Compute sizing is equally important. For each GPU model the estimator uses either 8‑bit TOPS or 16‑bit TFLOPS depending on the chosen precision. It then calculates how many tokens per second a single GPU can generate based on the active parameter count: tokens_per_s_per_gpu_compute = floor((TF × 10¹²) / (Pa × 10⁹ × 2)). The tool compares the GPU count required to satisfy memory, throughput and latency constraints and recommends the maximum of these numbers. Multiply by the per‑GPU price to get an estimated capital expenditure. All the formulas are listed in Github.
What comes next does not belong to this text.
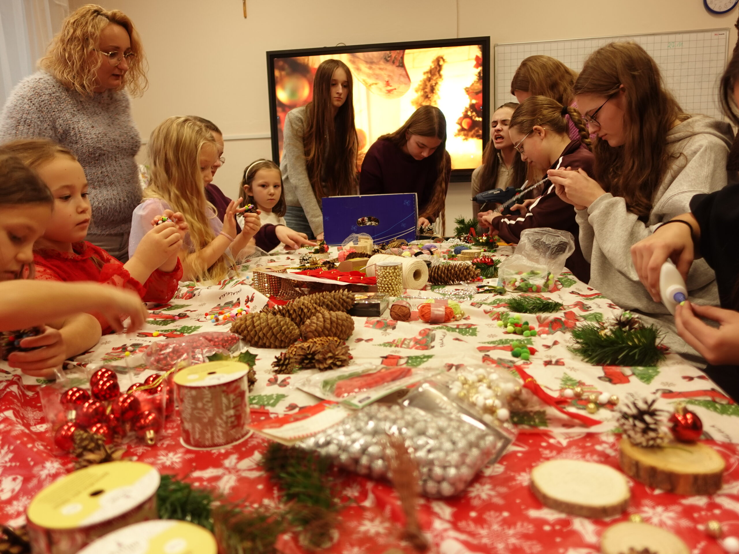 Przygotowania do kiermaszu poprzedziły warsztaty tworzenia stroików i ozdób świątecznych, w których Wolontariusze mieli okazję własnoręcznie wykonać dekoracje, korzystając z przygotowanych materiałów oraz inspiracji.

To see how these formulas work in practice, consider Mistral 7B. It has ~7 billion parameters with FP16 precision (2 bytes per parameter), a hidden size of 4,096 and 32 layers. Suppose we target 150 queries per second, each with 250 input tokens and 150 generated tokens, and pick an NVIDIA H100 PCIe card (80 GB VRAM, ~989 TFLOPS, 2 TB/s bandwidth and a price around €27,300). Clearly, a single H100 is enough; the estimator will show the memory, compute and latency bottlenecks, along with the estimated cost. But you could also run this same model with less powerful hardware using quantization. It's basically reducing the number of bytes used to store the parameters. Thanks to this app, you can see the result by simply changing the precision field. Then, you can find quantized version on Hugging Face, Sloth or create your own.
Building this tool forced me to dig deeper into transformer internals. Before I wrote a single line of TypeScript, I spent days playing with formulas in an Excel spreadsheet and reading about KV caches, activation recomputation and bandwidth bottlenecks. I wanted to maintain a balance: capture enough detail to make the sizing credible, but not drown users in the ocean of possible configurations. Some simplifications were deliberate—for example, the app assumes 90 % of a GPU’s VRAM is usable for the KV cache and ignores routing delays. It also focuses solely on inference; it does not model redundancy, networking or containerisation overheads. These trade‑offs keep the interface clean and allow architects to make quick, high‑level decisions.
The first version of the estimator was a bit of a monster spreadsheet. It worked, but sharing it was cumbersome. Converting it into a web application using React, TypeScript, and Vite brought immediate benefits: pre‑defined models and GPUs live in a constants file, calculations run in a single function, and users can export their configuration to CSV. Most of the heavy lifting was done by Google Lab Studio code‑generation service, which scaffolded the UI in minutes. My main task afterwards was double checking formulas using my original Excel calculations (Yes, AI makes mistakes to size itself :)).
Takeaways: cost isn’t trivial, but it’s achievable
Experimenting with the estimator has been eye‑opening. Running cutting‑edge models offline like Mistral 24B or Magistral start around 30K while Kimi K2 with his huge 1TB go quickly near 500K€ according to the Kimi K2 creator’s number of GPU’s recommendation.
The surprise comes with the recent release of Open AI open source models which start close to 120K€ (1x H100) for their 120B parameters. It’s actually really cheap for a LLM of this size. The trick comes from the number of bytes needed for the parameters. Reducing this part might affect accuracy so the next few days should tell us if this openAI OSS model is up to current expectations.
Overall, yet the total price tag, while not pocket change, is far from impossible for many companies.